İSHALLİ HASTALIKLAR Göç süreci ile birlikte gelen olumsuz yaşam koşulları, su ve gıdalarla bulaşan hastalıkların riskini artırmaktadır. Göç esnasında ve göçmenlerin toplandıkları kamplarda temiz içme kullanma suyu ve güvenli gıda sağlanması aksayabileceği gibi, kalabalık göçmen kamplarında yeterli sayı ve nitelikte tuvaletlerin bulunmaması nedeniyle insan atıklarının güvenli olarak uzaklaştırılması engellenebilir. Sonuç olarak, sanitasyon koşullarındaki yetersizlik ve sabun gibi temizlik ürünlerinin kıtlığı gibi faktörlerin de etkisiyle ishalli hastalıkların sıklığı artarak göçmen kamplarında salgınlar yapabilmektedir. Bebekler, küçük çocuklar, hamile kadınlar ve yaşlılar ishalli hastalıklara daha yatkın durumdadırlar. İshalli hastalıklar mülteci kamplarındaki göçmenler arasında ölüme neden olan en önemli tehdittir. Afrika, Asya ve Latin Amerika’da mülteci/göçmenler ve iç çatışmalar sonucu ülke içinde yer değiştirenlerde, göç sürecinin başlamasından sonra kısa sürede gözlenen mortalite hızlarındaki artışın nedenleri arasında da ishalli hastalıklar önemli yer tutmaktadır.

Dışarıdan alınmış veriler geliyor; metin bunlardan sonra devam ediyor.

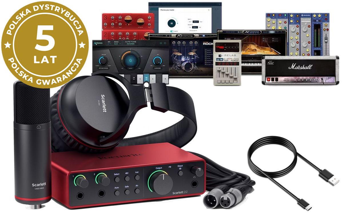 Focusrite Scarlett 2i2 Studio 4th gen zapewnia wszystko, czego potrzebujesz, aby uzyskać lepsze nagrania za każdym razem. Dwa najbardziej szczegółowe, niskoszumowe przedwzmacniacze mikrofonowe Focusrite z 69 dB wzmocnieniem, najwyższej klasy konwertery z ogromnym zakresem dynamiki 120 dB oraz kompletnie nowe funkcje Auto Gain i Clip Safe pozwolą na to, że każde nagranie będzie łatwe, szybkie i godne uwagi. Dodatkowo przeprojektowany tryb Air pozwoli na dodanie analogowego sznytu do Twoich utworów. Kompletny zestaw narzędzi obejmujący programy Pro Tools Artist, Ableton Live Lite i pakiet oprogramowania Hitmaker Expansion, w którym znajdziesz m.in. Auto-Tune Access do wokalu, Softube Marshall Silver Jubilee 2555 do gitar i wiele innych. Do tego szczegółowy studyjny mikrofon pojemnościowy z pop filtrem, kablem XLR i wygodne, precyzyjne słuchawki zapewniają doskonały dźwięk od razu po podłączeniu. Spersonalizowany Easy Start i 5 letnia gwarancja sprawiają, że Twój Scarlett 2i2 Studio będzie gotowy zawsze, gdy go potrzebujesz.
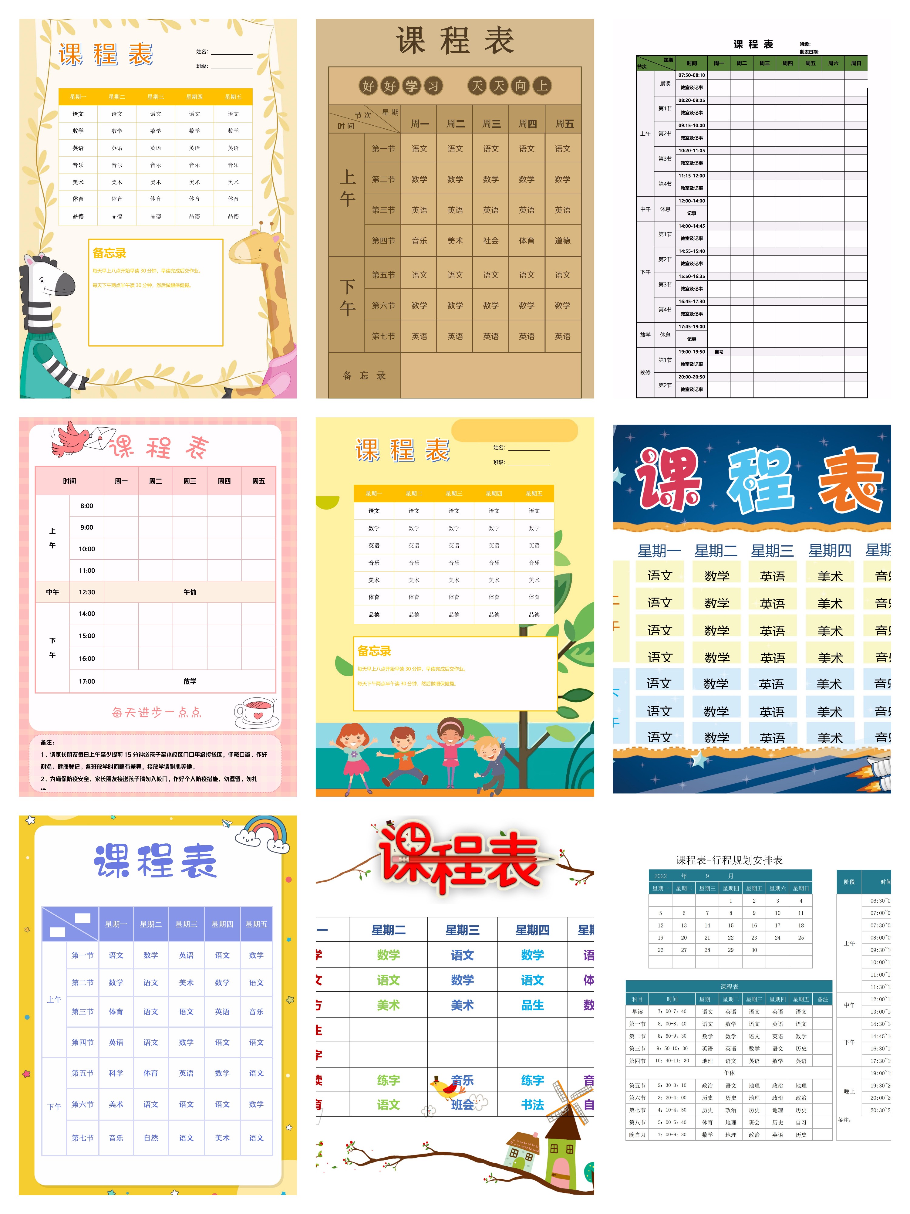 课程表模板资源免费下载 小孩新学期开学了必备之

TÜBERKÜLOZ Tarihsel olarak bakıldığında, göç ya da diğer nedenlere bağlı toplu yer değiştirmelerde ortaya çıkan bulaşıcı hastalık sorunu, göçle gelinen toplumdaki sağlık yöneticilerinin en önemli uğraş alanları içerisinde olmuştur. Tüberküloz enfeksiyonu ise bu hastalıklar arasında en kaygı verici olanıdır. Tüberküloz tipik olarak yoksulluğun getirdiği bir hastalıktır. Kötü beslenme, düşük eğitim düzeyi, kalabalık yaşam koşulları, konut koşullarının yetersizliği ve sağlık hizmetlerine ulaşmadaki güçlüklerin olduğu ortamlarda tüberküloz enfeksiyonu kolaylıkla gelişebilmektedir. Göç etme sürecinde kalabalık göçmen guruplarında yer alan bireyler daha önceden tüberküloz enfeksiyonu olan kişilerle yakın temas halinde olabilir. Bu duruma geçici barınma mekânlarındaki kötü havalandırma koşulları, kalabalık yaşam ve kötü beslenme koşullarının da eşlik etmesiyle göç etme sürecinde tüberküloz gelişme riski artmaktadır. Tüm bu faktörlere ilave olarak HIV(+) göçmenlerin varlığı da tüberküloz gelişme riskini artırmaktadır.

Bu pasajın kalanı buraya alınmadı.